### Task
Leave out the pictures, and retype the remaining data exactly.

- - -

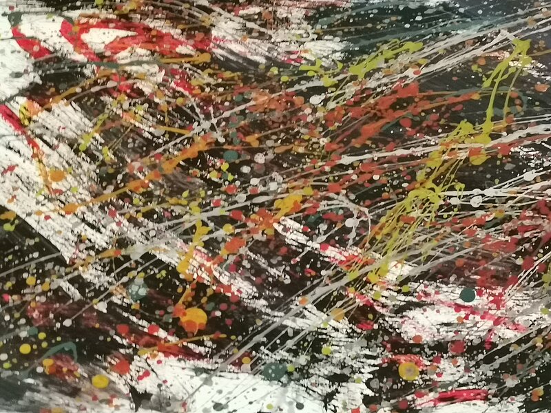 Wir haben verschiedene Techniken der abstrakten expressionistischen Kunst, wie zum Beispiel „Action Painting“ und „Dripping“ ausprobiert und gemeistert. Um der ganzen Schule unsere Werke zu zeigen und dem Schulalltag einen bunten Farblecks zu verpassen, haben wir beschlossen unsere Kunst auszustellen. Diese befinden sich im 1. OG vor dem Lehrer*innenzimmer.
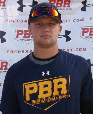 6/17/14 - 6-foot-3, 180-pound prospect with strong/athletic frame and room to fill in, shows good feet around the first base bag with playable hands, starts the double play well, 79 mph arm across the infield. At the plate, hits from a balanced setup, loads up on back side, wraps some in load with long/uphill swing path, creates some lift and shows some pull side power, showed his ability to generate bat speed with 90 mph exit velocity off the tee, ran 4.82 down the first base line, went 2-for-4 with a double in game play with a pull approach, prospect to follow in 2016 class. On the mound, arm is loose and works well, uses long arm action through a ¾ arm slot that produces some arm-side run and good sink to his fastball, fastball sat 82-83 mph, showed a 76-77 mph slider with short and late break, good command of both pitches and works both sides of the plate, allowed one hit and recorded four ground ball outs in the five hitters he faced in game action, more velocity likely to come, potential high-level prospect on the mound.
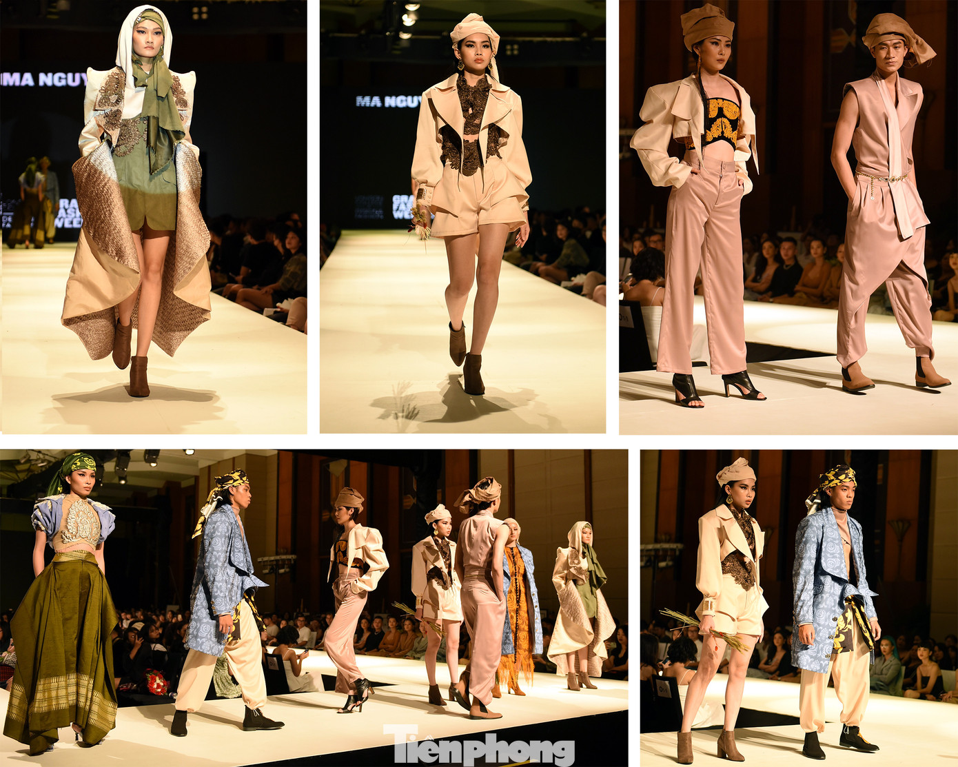 Mã Nguyệt Mai mang đến bộ sưu tập “Chàm” sử dụng chất liệu lụa tơ tằm, đũi, thổ cẩm và kỹ thuật đan sợi để tôn vinh nét đẹp của làng nghề dệt vải thủ công truyền thống Việt Nam. Ngoài ra, bộ sưu tập được thiết kế theo hướng đa chức năng, người mặc có thể biến đổi, kết hợp để tạo thành nhiều kiểu trang phục khác nhau.
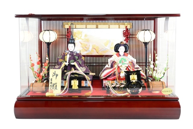 やわらかな灯りに包まれたガラスケースの中で、優美な姿をたたえる親王飾りです。 金襴を用いた気品ある衣装には繊細な文様が浮かび上がり、上品な輝きを添えています。お殿様は深みのある紫の房飾りが凛とした印象を、 お姫様はやわらかなゴールドと淡い色合いの重ねが、可憐さと華やかさを同時に演出します。 背景には上質感のあるタイル調の屏風を配し、中央には淡い色合いの桜がそっと咲き誇ります。柔らかな光を受けて桜がほんのりと照らされ、ひな人形の美しさをより際立たせてくれる飾りです。 コンパクトながら落ち着いた気品が漂い、リビングにも和室にも自然と馴染む一品。初節句のお祝いはもちろん、ご家族の節目をやさしく彩るお飾りとしておすすめです。 ※ケースに内蔵されたライトは電源プラグをコンセントに挿すと点灯します。 <サイズ> 間口47cm × 奥行29cm × 高さ30㎝ <オンラインショップ限定ご購入特典> 御被布・お手入れセット(毛ばたき・白手袋・クロス)・オルゴール付写真立て 〈商品について〉 商品画像はなるべく忠実に撮影しておりますが、室内光源環境やお使いのモニター等によって色味が変わる場合がございます。(例:塗りの濃淡や生地の色合いなど) ご了承の程、お願い致します。 ※贈答品として贈られるお客様が多いため、弊社では金額などを明記した「納品書」を添付致しておりません。ご希望の方は備考欄に「納品書希望」と明記してください。 _____________________ 〈キーワード〉 お雛様 雛人形 収納飾り コンパクト モダン おしゃれ かわいい ナチュラル おひな様 丸顔 人気商品 造花 桃の節句 インテリア ひなまつり 木目台
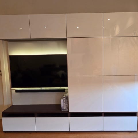 Vi selger vårt Bestå modulsett fra IKEA. Møbelet er veldig pent brukt med nesten ingen bruks skader. Tegningen fra IKEA er hva som medfølger, vi har endret litt på det da vi har flyttet og ikke hadde plass til alt sammen ved siden hverandre. Det er bygget opp av 5 seperate seksjoner som kan plasseres etter eget ønske eller sammen som på tegning. Det føler også med 2stk glassplater på toppen av "TV benken" hvor en dekker 3 døråpninger (2 seksjoner) og en som dekker 2 døråpninger (1 seksjon). Medfølger også belysning i glassfeltene på høyskapene.
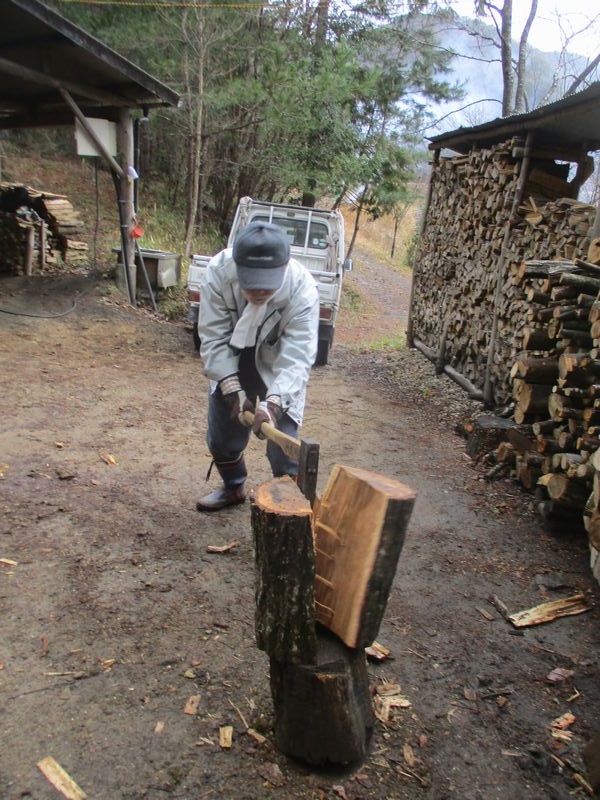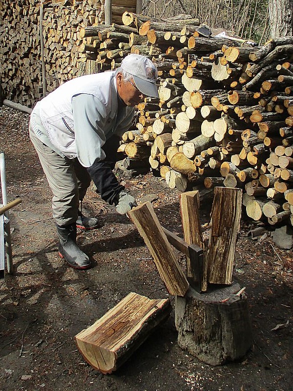 2024.02.23(金)共生センターに薪の搬送作業:薪割り機及び斧で薪割り作業

- - -

### Problem solution
 Wir haben verschiedene Techniken der abstrakten expressionistischen Kunst, wie zum Beispiel „Action Painting“ und „Dripping“ ausprobiert und gemeistert. Um der ganzen Schule unsere Werke zu zeigen und dem Schulalltag einen bunten Farblecks zu verpassen, haben wir beschlossen unsere Kunst auszustellen. Diese befinden sich im 1. OG vor dem Lehrer*innenzimmer.
 6/17/14 - 6-foot-3, 180-pound prospect with strong/athletic frame and room to fill in, shows good feet around the first base bag with playable hands, starts the double play well, 79 mph arm across the infield. At the plate, hits from a balanced setup, loads up on back side, wraps some in load with long/uphill swing path, creates some lift and shows some pull side power, showed his ability to generate bat speed with 90 mph exit velocity off the tee, ran 4.82 down the first base line, went 2-for-4 with a double in game play with a pull approach, prospect to follow in 2016 class. On the mound, arm is loose and works well, uses long arm action through a ¾ arm slot that produces some arm-side run and good sink to his fastball, fastball sat 82-83 mph, showed a 76-77 mph slider with short and late break, good command of both pitches and works both sides of the plate, allowed one hit and recorded four ground ball outs in the five hitters he faced in game action, more velocity likely to come, potential high-level prospect on the mound.
 Mã Nguyệt Mai mang đến bộ sưu tập “Chàm” sử dụng chất liệu lụa tơ tằm, đũi, thổ cẩm và kỹ thuật đan sợi để tôn vinh nét đẹp của làng nghề dệt vải thủ công truyền thống Việt Nam. Ngoài ra, bộ sưu tập được thiết kế theo hướng đa chức năng, người mặc có thể biến đổi, kết hợp để tạo thành nhiều kiểu trang phục khác nhau.
 やわらかな灯りに包まれたガラスケースの中で、優美な姿をたたえる親王飾りです。 金襴を用いた気品ある衣装には繊細な文様が浮かび上がり、上品な輝きを添えています。お殿様は深みのある紫の房飾りが凛とした印象を、 お姫様はやわらかなゴールドと淡い色合いの重ねが、可憐さと華やかさを同時に演出します。 背景には上質感のあるタイル調の屏風を配し、中央には淡い色合いの桜がそっと咲き誇ります。柔らかな光を受けて桜がほんのりと照らされ、ひな人形の美しさをより際立たせてくれる飾りです。 コンパクトながら落ち着いた気品が漂い、リビングにも和室にも自然と馴染む一品。初節句のお祝いはもちろん、ご家族の節目をやさしく彩るお飾りとしておすすめです。 ※ケースに内蔵されたライトは電源プラグをコンセントに挿すと点灯します。 <サイズ> 間口47cm × 奥行29cm × 高さ30㎝ <オンラインショップ限定ご購入特典> 御被布・お手入れセット(毛ばたき・白手袋・クロス)・オルゴール付写真立て 〈商品について〉 商品画像はなるべく忠実に撮影しておりますが、室内光源環境やお使いのモニター等によって色味が変わる場合がございます。(例:塗りの濃淡や生地の色合いなど) ご了承の程、お願い致します。 ※贈答品として贈られるお客様が多いため、弊社では金額などを明記した「納品書」を添付致しておりません。ご希望の方は備考欄に「納品書希望」と明記してください。 _____________________ 〈キーワード〉 お雛様 雛人形 収納飾り コンパクト モダン おしゃれ かわいい ナチュラル おひな様 丸顔 人気商品 造花 桃の節句 インテリア ひなまつり 木目台
 Vi selger vårt Bestå modulsett fra IKEA. Møbelet er veldig pent brukt med nesten ingen bruks skader. Tegningen fra IKEA er hva som medfølger, vi har endret litt på det da vi har flyttet og ikke hadde plass til alt sammen ved siden hverandre. Det er bygget opp av 5 seperate seksjoner som kan plasseres etter eget ønske eller sammen som på tegning. Det føler også med 2stk glassplater på toppen av "TV benken" hvor en dekker 3 døråpninger (2 seksjoner) og en som dekker 2 døråpninger (1 seksjon). Medfølger også belysning i glassfeltene på høyskapene.
 2024.02.23(金)共生センターに薪の搬送作業:薪割り機及び斧で薪割り作業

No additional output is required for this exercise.